We created a workflow to generate hundreds of videos with Stable Video Diffusion in one command; and show example results in the video and grid below. Click around to get a sense of the kinds of videos you can generate and keep reading to learn how you can integrate generative video, powered by open-source models, in your own workflows and products using Metaflow!

Text-to-music-video: AI cowboy (lost in the code)

To demonstrate the power of emerging AI tools, we experimented with a combination of ChatGPT, Suno AI, and Stable Video Diffusion to generate a music video only from text prompts.

GenAI video dispenser: click to explore!





We at Outerbounds provide tools that allow you to build differentiated, unique ML/AI-powered products and services based on open-source models. This time, we’ll show how to build production-grade video generation applications such as the one above, using Metaflow and other open source software.

While it is surprisingly easy to create quick demos and POCs of this kind, it is equally easy to underestimate the number and the quality of the components that are required to make the application production-ready. Even a simple system consists of a number of moving parts, from themes and prompts stored in databases, to text-to-image models, image-to-video models, cloud storage, and application UI layers:

Most data scientists and ML/AI engineers are aware of the need for (often a non-trivial amount of) compute these days, but much more goes into building a maintainable production system:

  • new data needs to automatically refresh models;
  • workflows need to be orchestrated;
  • data, code, models, and output needed to be versioned and accessible;
  • models need to monitored;
  • developers need to rapidly explore and experiment with new models and data and
  • this all needs to be an ergonomic user experience:

In this post, we'll introduce the essential open source tools required to develop applications possessing these characteristics.

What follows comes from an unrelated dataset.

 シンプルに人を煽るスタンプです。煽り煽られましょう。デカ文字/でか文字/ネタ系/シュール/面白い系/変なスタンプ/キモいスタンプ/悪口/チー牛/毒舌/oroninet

The sprawling world of foundation models

In August 2022, the GenAI revolution really started to heat up with Stability AI’s public release of Stable Diffusion (SD), which allowed any developer with an internet connection and a laptop (or cell phone!) to use Python to generate images by providing text prompts, for example, in a Colab notebook. A month later, we showed how to take such foundation models beyond proof of concept and embed them in larger production-grade applications.

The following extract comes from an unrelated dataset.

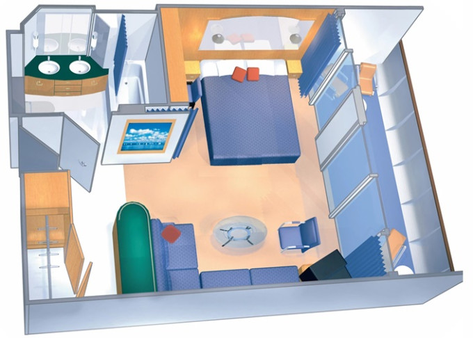 | 1K - Velká vnější kajuta Ultra Spacious 56 m². Neotevíratelné okno. 8. paluba. Max 8 osob. | 67 548 Kč 16 887 Kč za osobu | ||

For more information about techniques related to Generative AI, you can take a look at many articles we have written about large language models, most of which apply to multimodal cases too. You can read about the role of foundation models in the ML infrastructure stack, how to fine-tune custom models, build reactive systems around them, and how to leverage modeling frameworks effectively. If you want to try the techniques hands-on, check out our LLMs, RAG, and Fine-Tuning: A Hands-On Guided Tour or a code-along example Whisper, a speech-to-text model.

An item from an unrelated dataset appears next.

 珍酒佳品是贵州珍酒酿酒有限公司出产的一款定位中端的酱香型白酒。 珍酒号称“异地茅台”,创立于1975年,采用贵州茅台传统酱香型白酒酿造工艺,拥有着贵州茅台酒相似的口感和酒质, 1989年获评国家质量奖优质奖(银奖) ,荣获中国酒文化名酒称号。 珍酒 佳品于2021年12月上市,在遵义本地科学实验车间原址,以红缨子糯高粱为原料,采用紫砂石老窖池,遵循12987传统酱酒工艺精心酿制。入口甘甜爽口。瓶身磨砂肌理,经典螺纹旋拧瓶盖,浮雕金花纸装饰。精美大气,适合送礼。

This time, we focus on a text-to-video use case, motivated by Stable Video Diffusion (SVD) that was released by Stability.AI as open-source two weeks ago. It is exciting to be able to start building innovative, custom applications around generative video, inspired by highly credible videos created with tools such as Runway, Pika Labs, and Synthesia.

Stable video diffusion: Stability AI’s first open generative AI video model

There are several ways you can start playing with SVD immediately, such as

These methods are both wonderful approaches to getting up and running and they allow you to generate videos, but they are relatively slow: with Colab, for example, you’re rate-limited by Google’s free GPU provisioning and video generation takes around 10 minutes. These options are fantastic for exploration and experimentation, but what if you want to embed your SVD models in enterprise applications? Or put them in a pipeline with SD to move directly from text to video? Or if you want to scale to use more GPUs, how do you do that trivially?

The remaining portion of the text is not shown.